Input data:
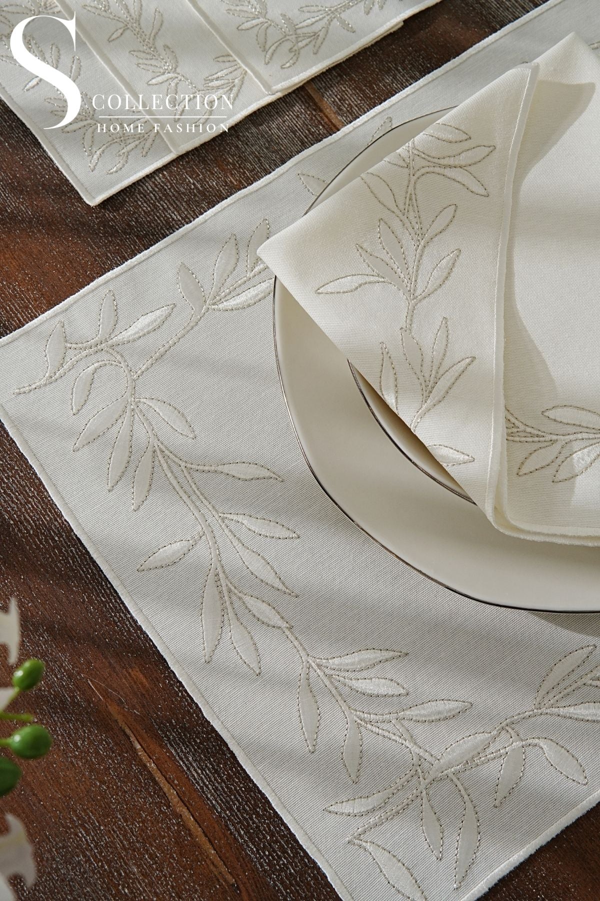 طقم مفارش سفرة - تصميم فلاور - تطريز فضى لامع واوف وايت - قماش مقاوم للماء - ٦ اشخاص - ٢٤ قطعة - طقم كامل
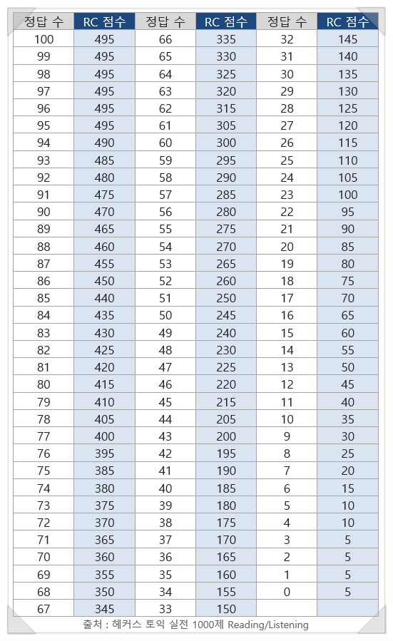 토익 점수 환산표 / 토익 점수 환산기 사용 방법
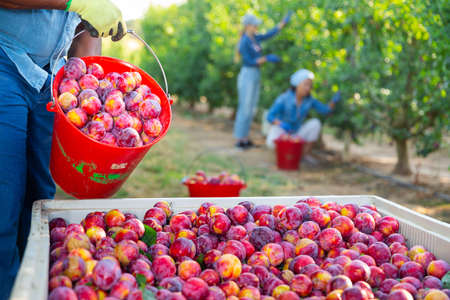 Gardener filling box with freshly picked plums during harvest
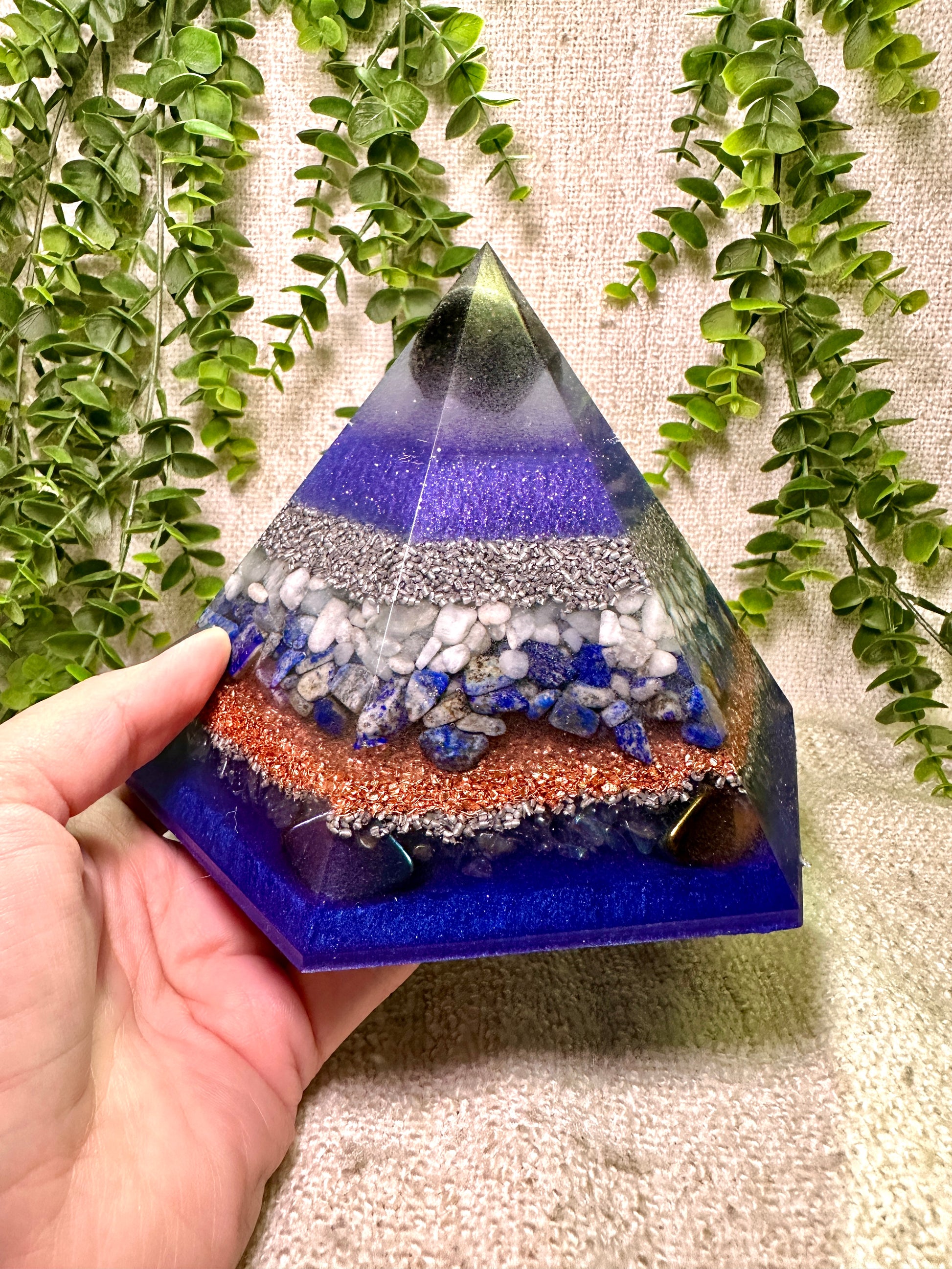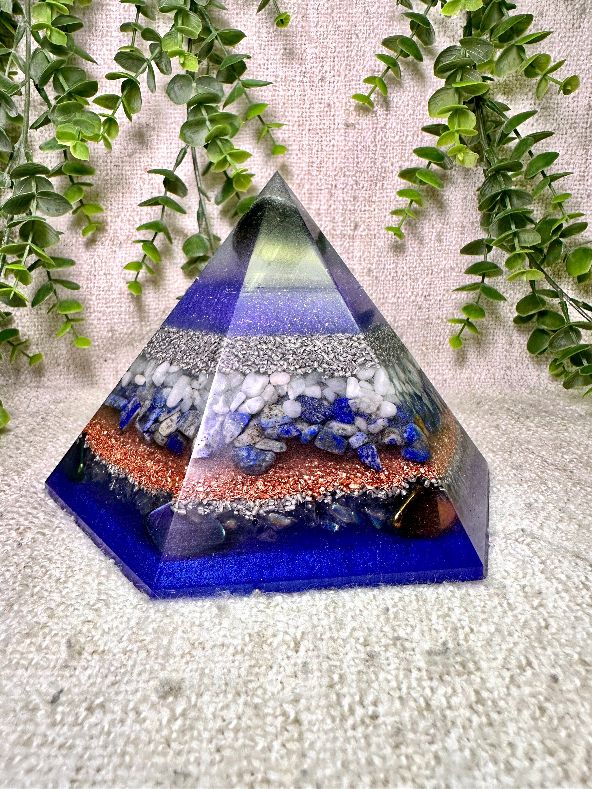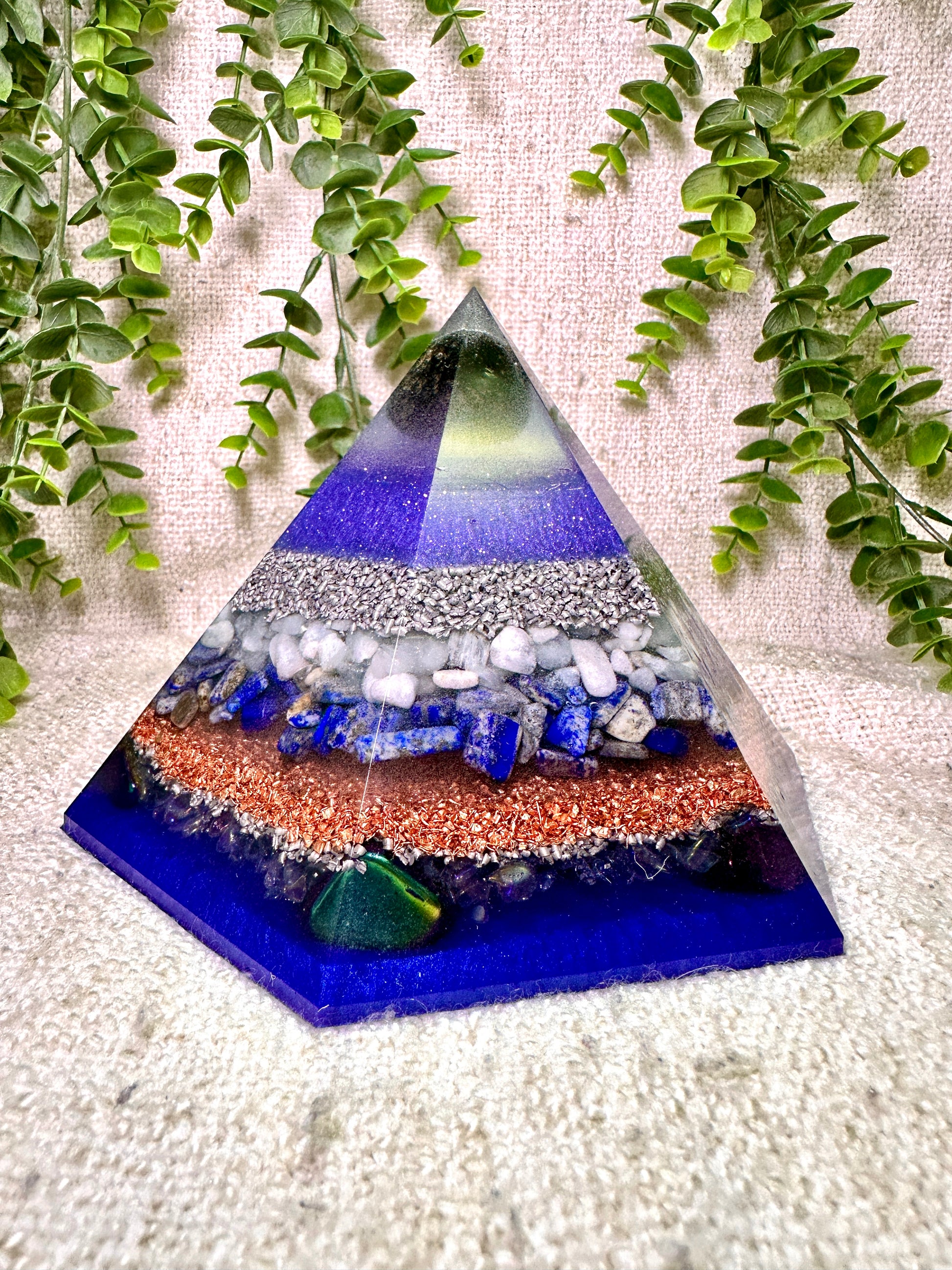 This Beautiful Orgonite Pyramid is made of Tektite, Aquamarine, Lapis Lazuli, Aura Quartz, Rainbow Hematite and Aluminum with Copper Metals. It is handmade with love and light and in the highest frequency possible! We named this design STARSEED and she is unique in every way, there is no other one like it.

Instructions to follow: Working from the line containing "토익 점수 환산표 / 토익 점수 환산기 사용 방법" to the last line of the data, retype every line exactly, both ends included, and leave out all pictures.

Written solution:
 토익 점수 환산표 / 토익 점수 환산기 사용 방법
 Gardener filling box with freshly picked plums during harvest
 This Beautiful Orgonite Pyramid is made of Tektite, Aquamarine, Lapis Lazuli, Aura Quartz, Rainbow Hematite and Aluminum with Copper Metals. It is handmade with love and light and in the highest frequency possible! We named this design STARSEED and she is unique in every way, there is no other one like it.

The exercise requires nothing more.